Mr. Kim has said on many occasions that he wanted to visit the North, but he didn’t make clear the purpose of his trip. In an interview with a monthly magazine, he once presented the idea of establishing the six-party talks on the North Korean nuclear program as a permanent dialogue channel and spoke of the necessity to induce a North Korean response to U.S. and Japanese proposals as the items on his agenda. He did not proclaim, however, that he wanted to make progress on issues that Koreans clearly see as important, such as bringing home South Koreans kidnapped to the North or who became prisoners of war during the Korean War.

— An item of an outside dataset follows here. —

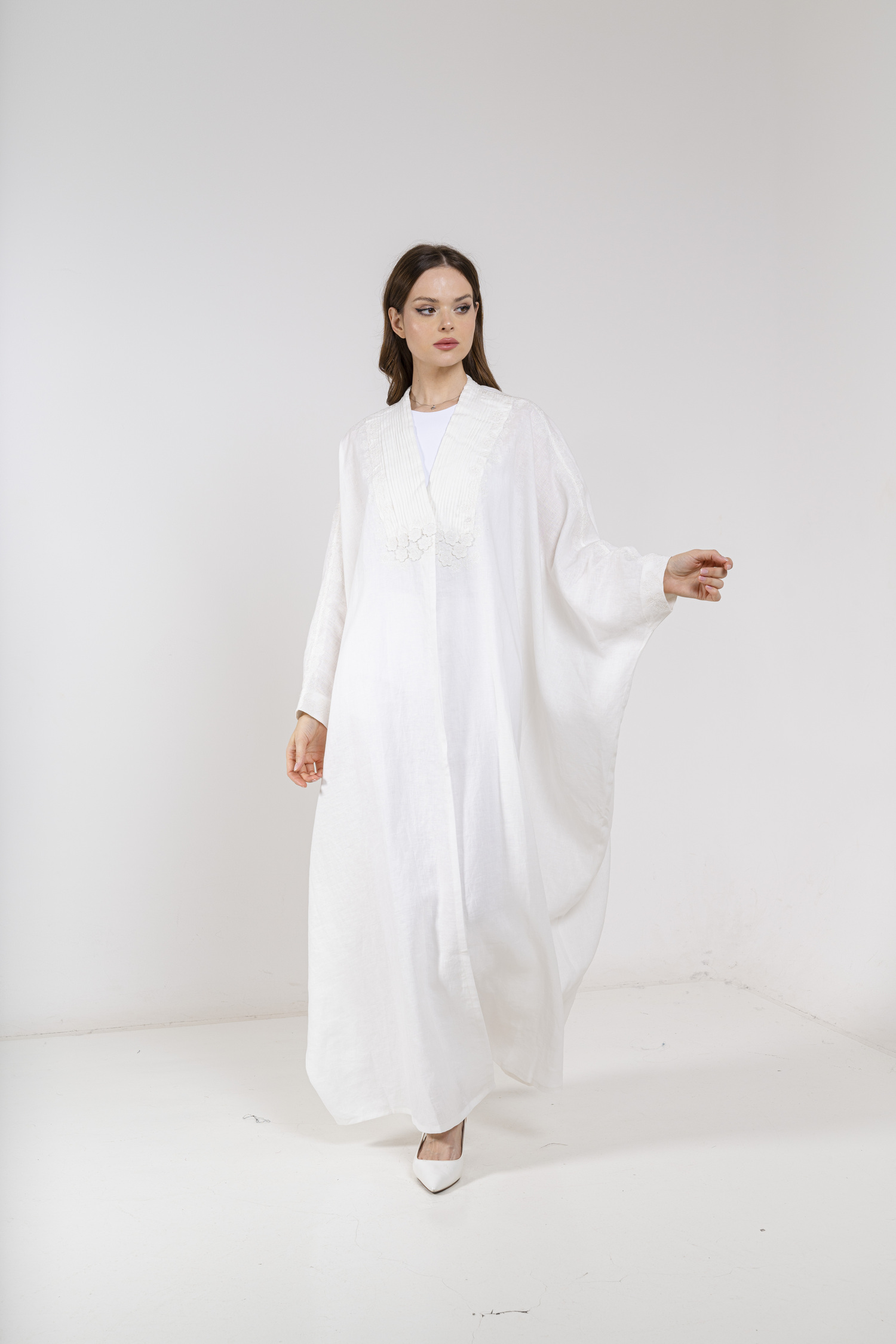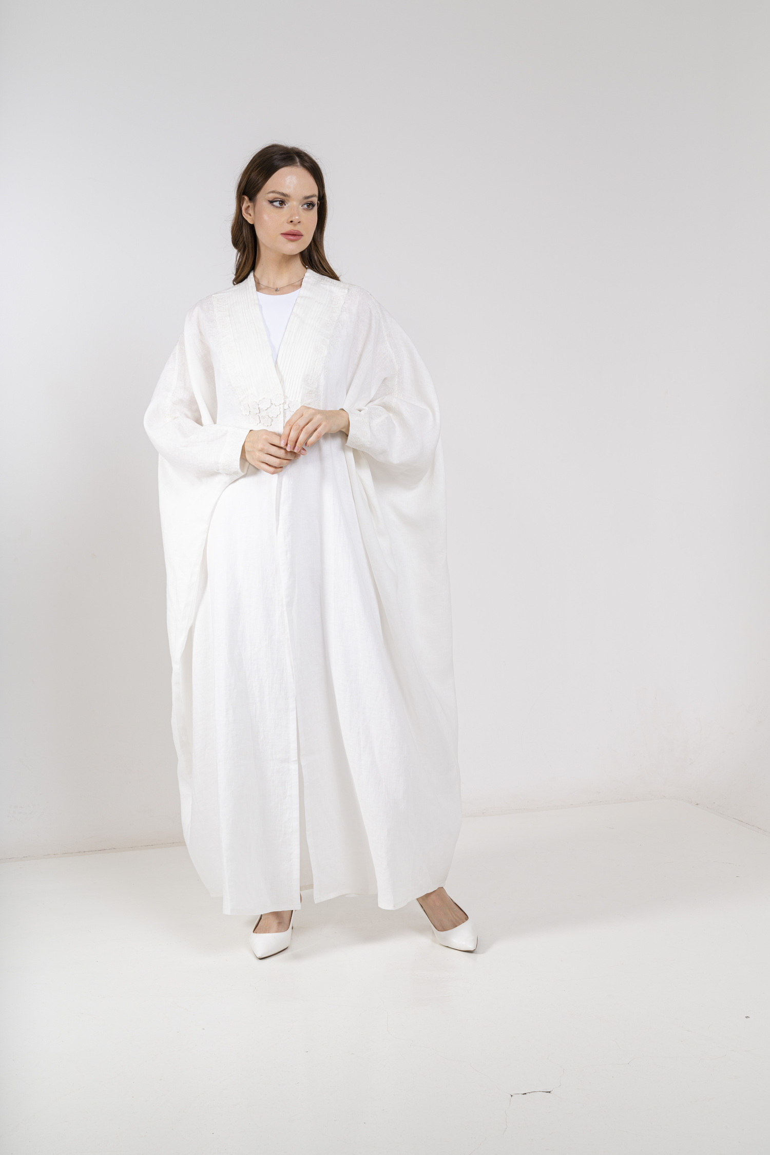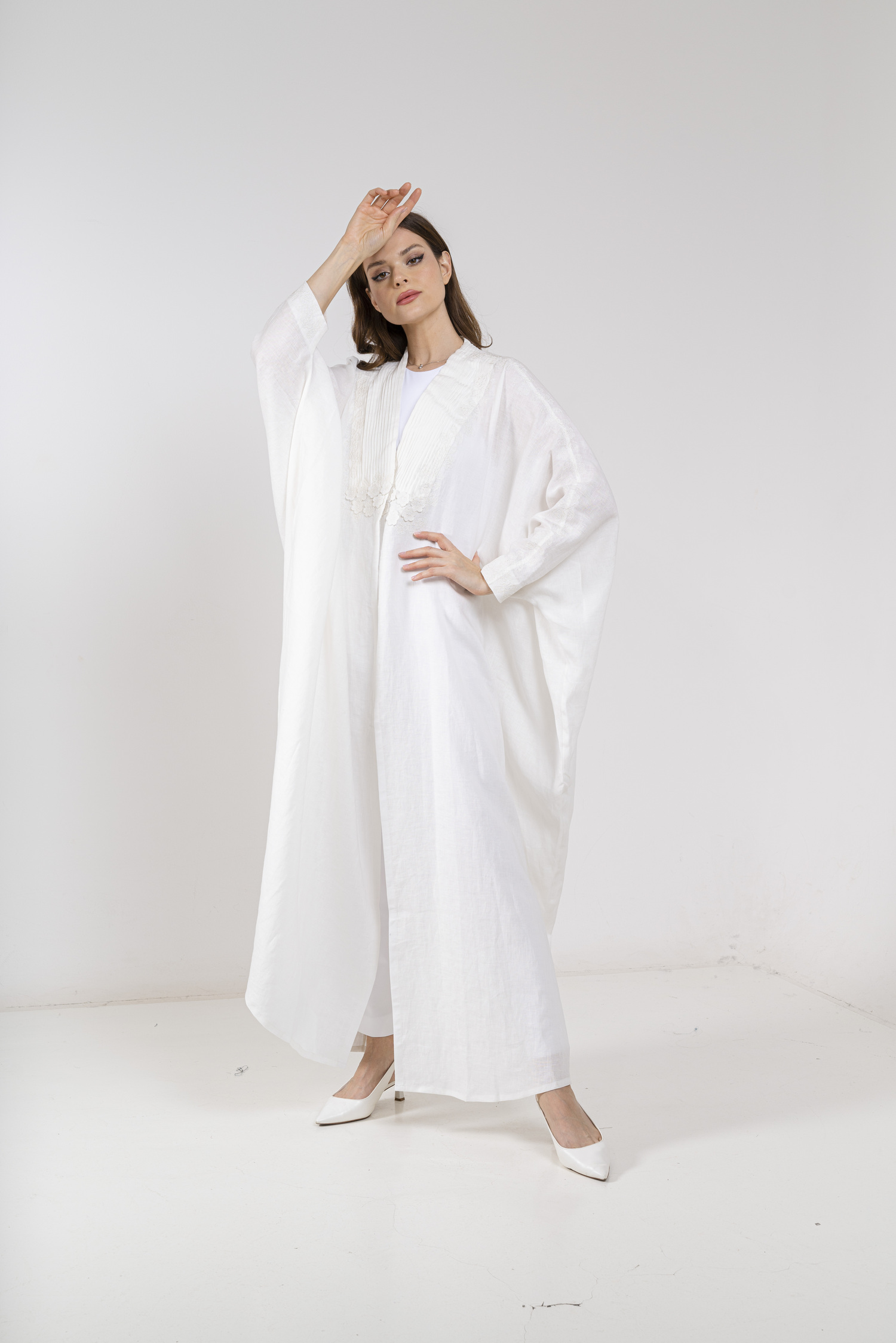The Italian Linen Abaya is one of the finest types of Linen, a cotton fabric that is characterized by lightness and softness, giving a sense of coolness and comfort and does not cause skin irritation due to its softness on the skin

Instead, he made clear his position that he would discuss unification formulas with the North. To be more exact, he expressed his wish to discuss “the common points of the South’s proposal for a coalition and the North’s low-level confederation system proposal.” That is a very dangerous idea that can pull South Korean society into confusion. At present, relations between North Korea and the United States are in their worst condition ever, and the North is escalating its offensive against the Northern Limit Line in the Yellow Sea. It has virtually discarded the “agreement on a unification formula” included in the North-South Joint Declaration. It is because the North defined the agreement to be the “starting point to reunification under the confederation system.” It does not make sense that Mr. Kim discusses unification during a visit to the North. If he insists on doing so, he must keep in mind that he will be criticized for doing so because of personal vanity: a desire to tie up loose ends from that joint declaration in 2000. North Korea has recently strengthened its political and military offensive against the South. The North exerts all its efforts in expanding its “unification front tactics,” speaking of issues “among the Korean race” and trying to split South Koreans ideologically. Tensions along the Northern Limit Line are mounting gradually. If a former president visits North Korea in the present circumstances, he will probably just be used by the North. For that reason, the decision to postpone his visit was correct.
When and if planning for a trip resumes, we hope that the government will approach the matter in a more discreet manner.